For years the CAA had been authorized to fashion rules and regulations to promote aviation

safety and to thus establish standards for aircraft, engines, propellers, and mechanics, as well as for flight schools and the training of airmen. It was also charged with developing and administering the Air Traffic Control system (АТС), the system oper­ated by the federal government that regulated the movement of aircraft throughout the United States. Control of aircraft by АТС could range all the way from taxi to takeoff, departure and en route clear­ance, to arrival and landing clearance at destination. Most aircraft in the 1950s flew under Visual Flight Rules (VFR), which required little or no АТС control. Airline passenger operations, however, flew largely under Instrument Flight Rules (IFR), the procedure that was designed to ensure that an aircraft had airspace reserved specifically for it, so that no other airplane flying under IFR would occupy that same airspace. But it was not uncom­mon for airline traffic to also fly under visual flight rules, at least for part of the planned route of flight.

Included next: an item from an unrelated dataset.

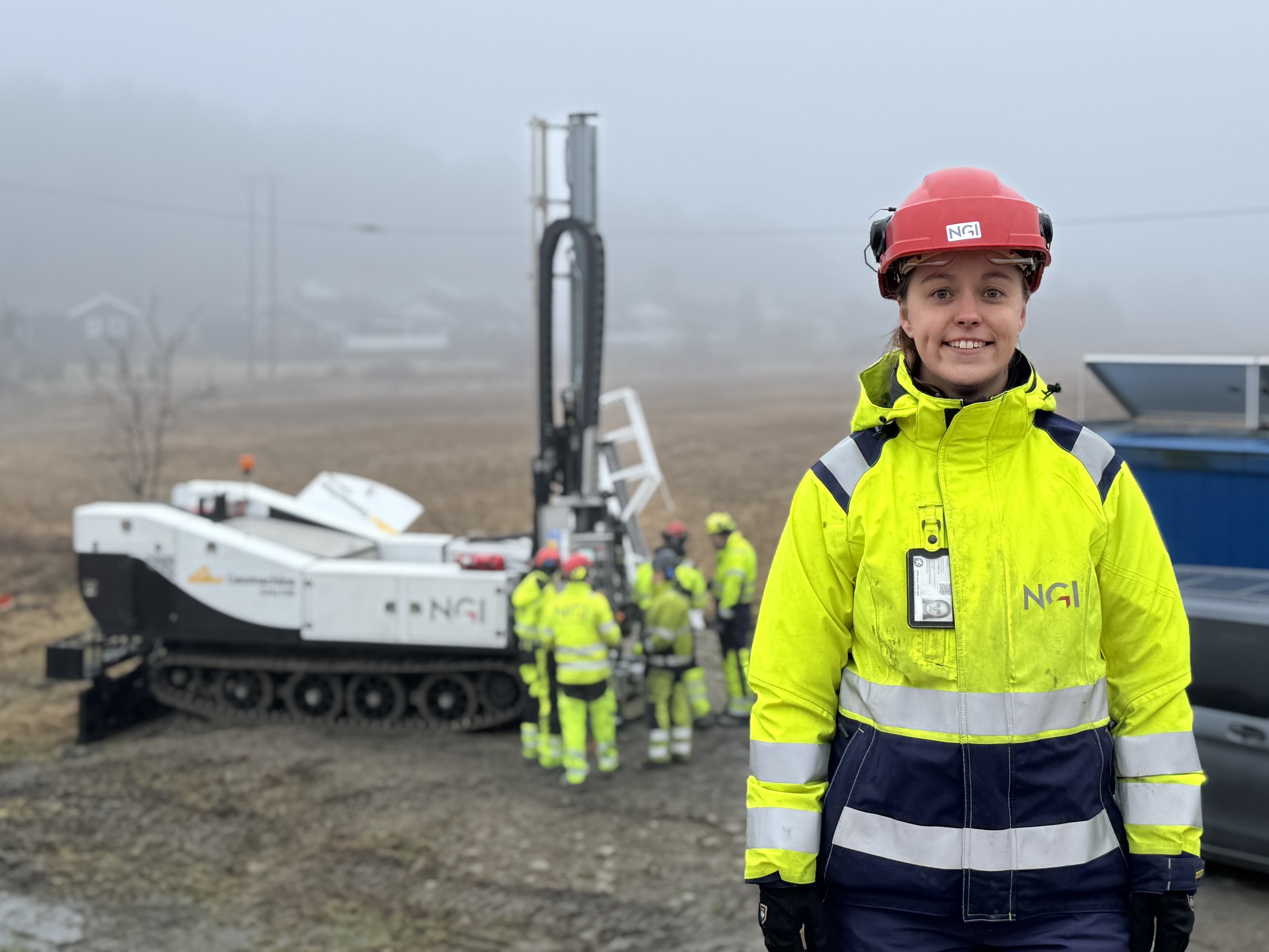 Silje Grimstad tar oss med til Norges Geotekniske Institutts (NGI) forsøksfelt på Onsøy i Østfold. Forsøksfeltet er et av seks som inngår i forskningsinfrastrukturen Norwegian Geo-Test Sites (NGTS). Disse brukes som feltlaboratorier for uttesting og verifisering av nye, innovative metoder for grunnundersøkelser og forsøksprosedyrer. Silje leder NGIs avdeling for feltundersøkelser og har vært sentral i bestillingsprosessen av helelektriske GMe100.

These regulations were known as Civil Aero­nautic Regulations (CARS) and were published in the Code of Federal Regulations. The CAA appears to have dutifully performed its administrative func­tion regarding such matters. It can be argued with the aid of hindsight, however, that there was a lack of long-range vision within the CAA during its first 20 years of existence, between 1938 and 1958.

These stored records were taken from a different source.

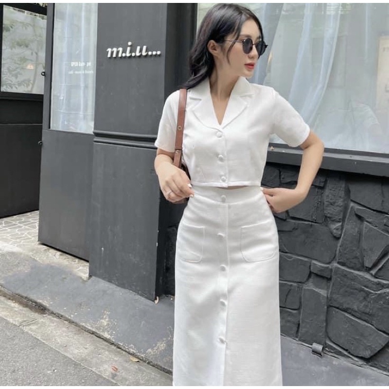 Set of white office dress with vest collar (with real pictures)
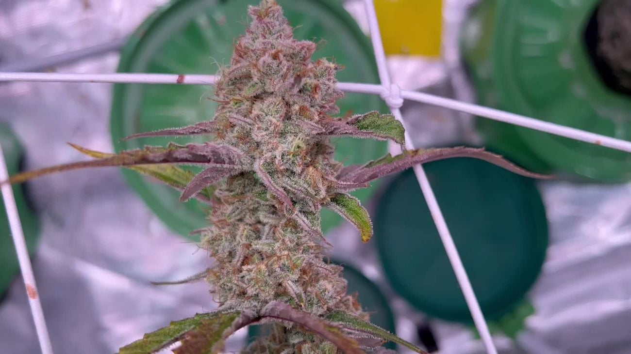 Grows fast and strong with potential to be a very quick finisher. Suitable for beginners. Withstood general stress nicely. By mid flower sweet Candy like nose. The pink pistil pheno had a later start to bloom has a more sativa dominant look to it with thin fan leaves and a good stretch. The buds on the 2nd one were coated in a sheen like resin with a sweet tart like aroma that slaps you in the face. The potency seems to be much higher than previous purple strains I’ve smoked and tasted incredible.
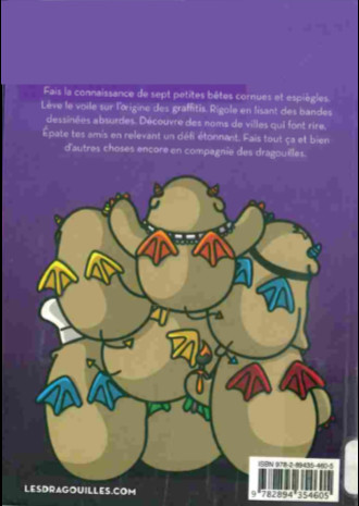 Résumé: Les Dragouilles sont de drôles de petites créatures s'apparentant à des "monsieur Patate" cornus, affublés d'une queue et d'ailes de démons. Chaque titre de la série regroupe de courtes bandes dessinées mettant en scène ces êtres fabuleux auxquelles se greffent des charades, des jeux, des recettes, des idées de bricolage, des blagues, des devinettes et des rubriques informatives sur des sujets variés, qui permettent ici de glaner quelques faits étonnants à propos de différents endroits de la planète.
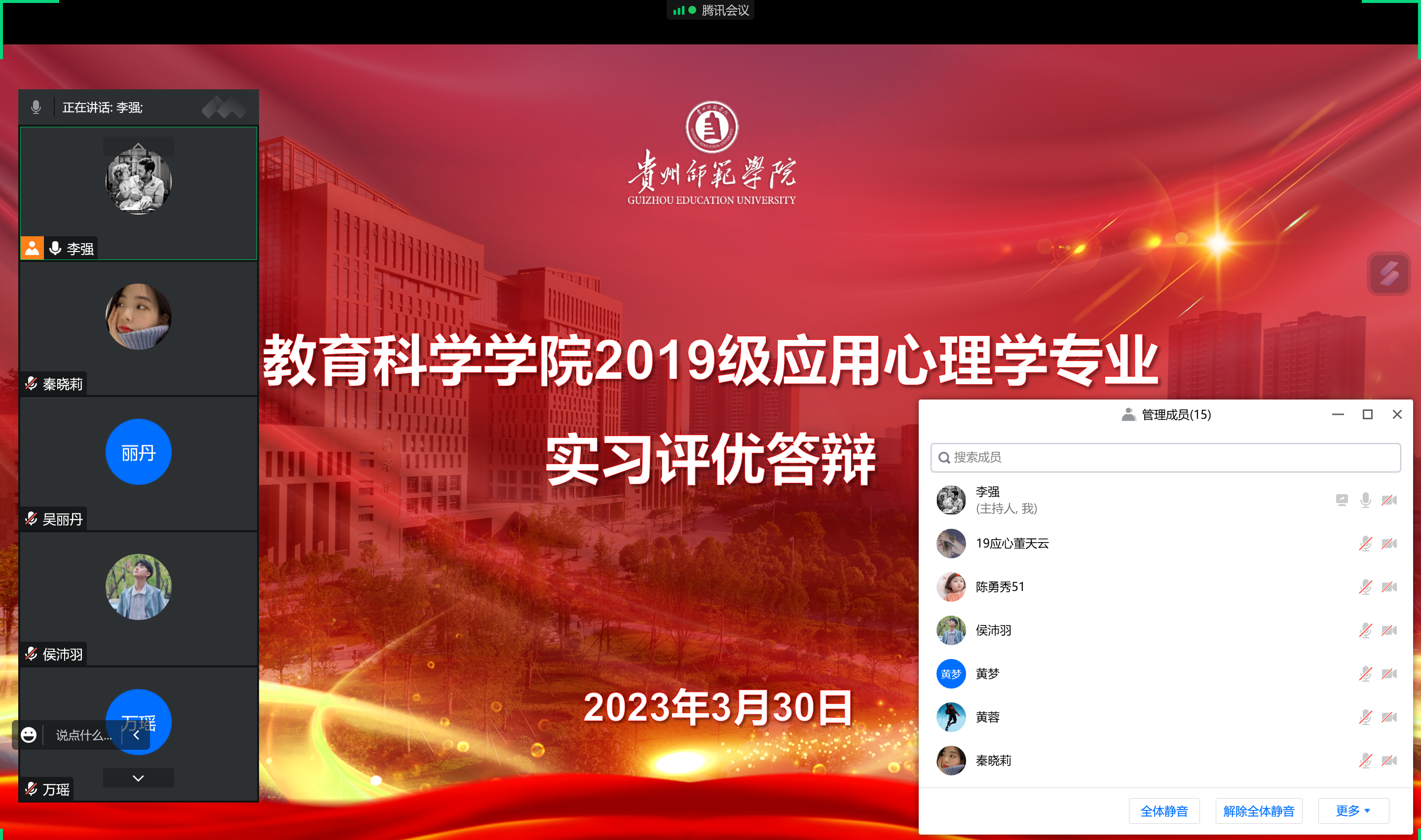 应用心理学专业优秀实习生实习汇报于2023年3月30日下午在腾讯会议上进行。会议由李强老师主持,出席本次评选活动的有黄蓉、张金勇等本专业老师。

For one thing, the CAA was buried within the Department of Commerce along with the agencies that dealt with highways, maritime issues, textiles, the census, and myriad other matters. To make things worse, its appropriations had been slashed following World War II. Voice communication between pilots and ground controllers using high frequency radio had only been completely imple­mented in 1955. CAA air traffic control centers, which exercised control over all IFR traffic within large geographical areas throughout the country, now had direct voice contact with most aircraft within their sectors, although in some remote areas of the country it was still necessary for aircraft to relay and receive communications with АТС through airline company channels, particularly in uncontrolled airspace. CAA controllers kept track of the location of each aircraft in the sector by means of position reports given by the pilots themselves. These position reports included time, altitude, last radio fix or location, next radio fix, and the estimated time of arrival at that fix. Posi­tion reporting was cumbersome and that system required extremely large blocks of airspace to be reserved for a single aircraft.

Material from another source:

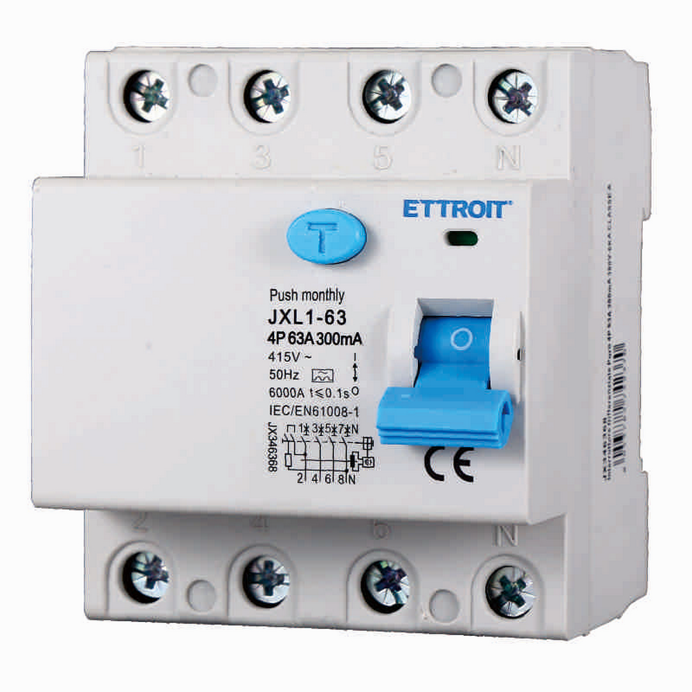 Questo dispositivo a 4 poli, con potenza nominale di 63A e un’elevata capacità di interruzione di 6kA, è progettato per funzionare in impianti trifase a 380V, assicurando massima stabilità e continuità di servizio. La sensibilità da 300mA lo rende particolarmente adatto per la protezione dai contatti indiretti e nelle zone a maggior rischio elettrico.
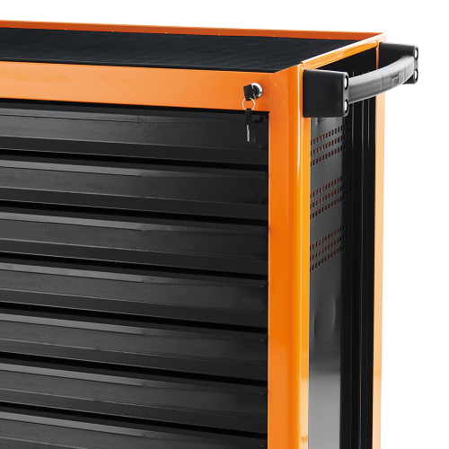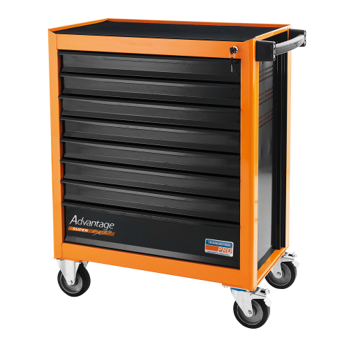 Estructura con paredes reforzadas. 8 compartimentos con rieles telescópicos (7 bandejas de 75 mm de altura, 1 cajón de 155 mm + una puerta). Las correderas telescópicas garantizan un deslizamiento suave y mayor apertura de los cajones, en comparación a las correderas tradicionales. Trabas para los cajones y puerta. Ruedas delanteras fijas y traseras giratorias, de goma de 125 mm de diámetro. Ruedas traseras con freno individual. La pintura electrostática forma una capa protectora que garantiza un excelente acabado y resistencia a la corrosión. Tirador ergonómico y cubierta de goma.

Radar, only recently invented (WWII), was slower to be adopted. Radar was first implemented by АТС only as an aid to making instrument approaches to airports during instrument or bad weather conditions. Gradually, as the number of large planes increased and began competing for the available airspace, it became more and more dif­ficult for the air traffic control center personnel to keep track of aircraft. Distance Measuring Equip­ment (DME), the system that allowed an airplane to determine its distance from an equipped navigation facility, was incorporated into the VOR (Victor) airways system beginning in 1951. Now an air­craft could not only determine its azimuth location (bearing) from the station, it also could determine its distance. DME was a big help in tracking air­craft in the “voice only” system but, even so, the control problem was becoming unmanageable.

In 1955 there were surveillance radars in place at 32 locations to service traffic arrival and depar­ture at airports, but there were no long-range radars to control en route traffic except in the mid-Atlantic region at Baltimore. Concerns were raised that АТС traffic congestion increased the likelihood of mid-air collision. Extension of long-range radars to provide positive radar control for en route traffic was discussed, but not implemented. Then, on June 30, 1956, a United Airlines DC-7 collided with a TWA Super Constellation over the Grand Canyon, in Arizona, killing 128 people. (See Figure 20-1.)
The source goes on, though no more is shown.